昨年発表された17ヶ国の50の研究を査読した大規模調査によると、毎日何千もの編集された身体の画像がソーシャルメディアに投稿されることで、身体醜形、摂食障害、精神衛生上の問題につながる可能性があるという。
2021年の研究では、フィットネス系のユーチューバーが不健康な行動を促し、憂慮すべき状況を作り上げていることがわかっている。
ユーチューブは、フランスとドイツの団体と協力し、自殺、自傷行為、摂食障害に関連することを検索すると、人々を危機管理ホットラインにつなぐしくみを構築し、導入するとしている。
◆欧州連合やイギリスで規制強化
ユーチューブなどのソーシャルメディアは、若者の精神的健康やウェルビーイングに影響を及ぼしているとして非難を浴びており、一部の政府は取り締まりを強化すると警告している。

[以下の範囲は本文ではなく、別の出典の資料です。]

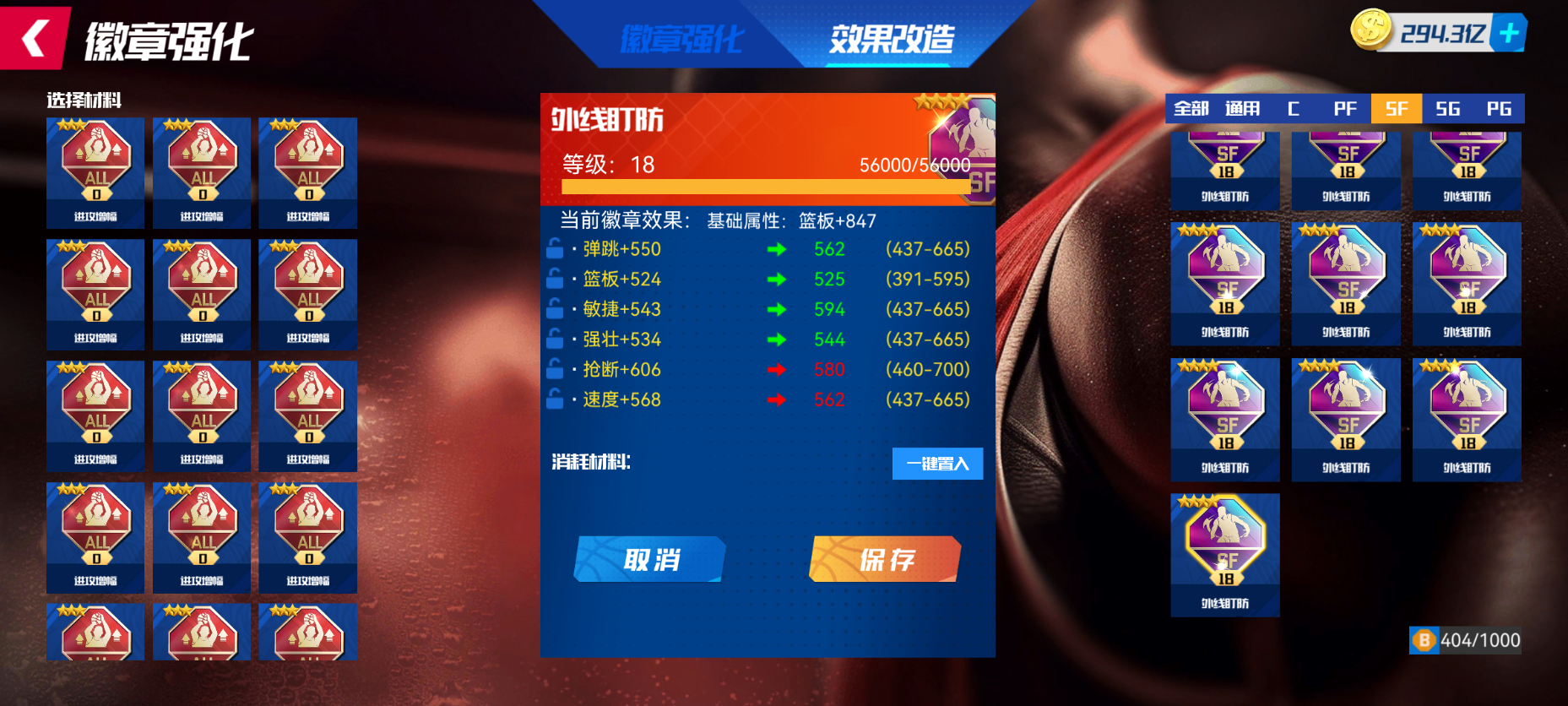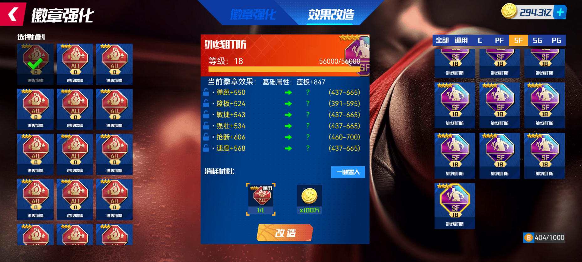 徽章系统新增【效果改造】功能,经理人可以不断加强四星徽章。【效果改造】仅适用于等级达到18级的四星徽章,点击【一键置入】可自动放入左侧材料栏中未强化过的三星通用位置徽章。
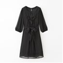 袖の透け感が軽やかな印象を持つブラックシフォンワンピース。リボンベルトは取り外せるので、着こなしやシーンに合わせて調節可能。
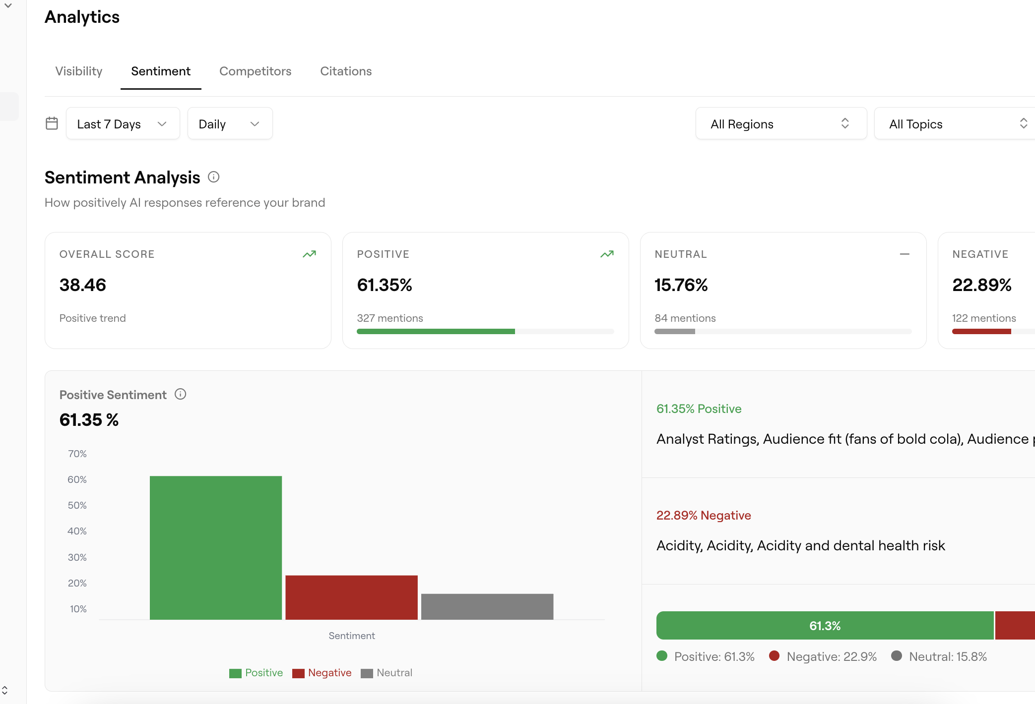 See what AI says — and why. Track brand mentions, sentiment, and context across AI answers, summaries, and chats.

イギリスではメディア規制当局のオフコムが5月、テック企業に対し、アルゴリズムが自傷行為や摂食障害に関するコンテンツを含む「有害なコンテンツを子供に勧める」ことを阻止するよう措置を命じた。
2022年に採択された欧州連合(EU)のデジタルサービス法もまた、テック企業に対し、子供の「健康、身体的、精神的、道徳的発達」を害する可能性のあるコンテンツへのアクセスを制限するよう促している。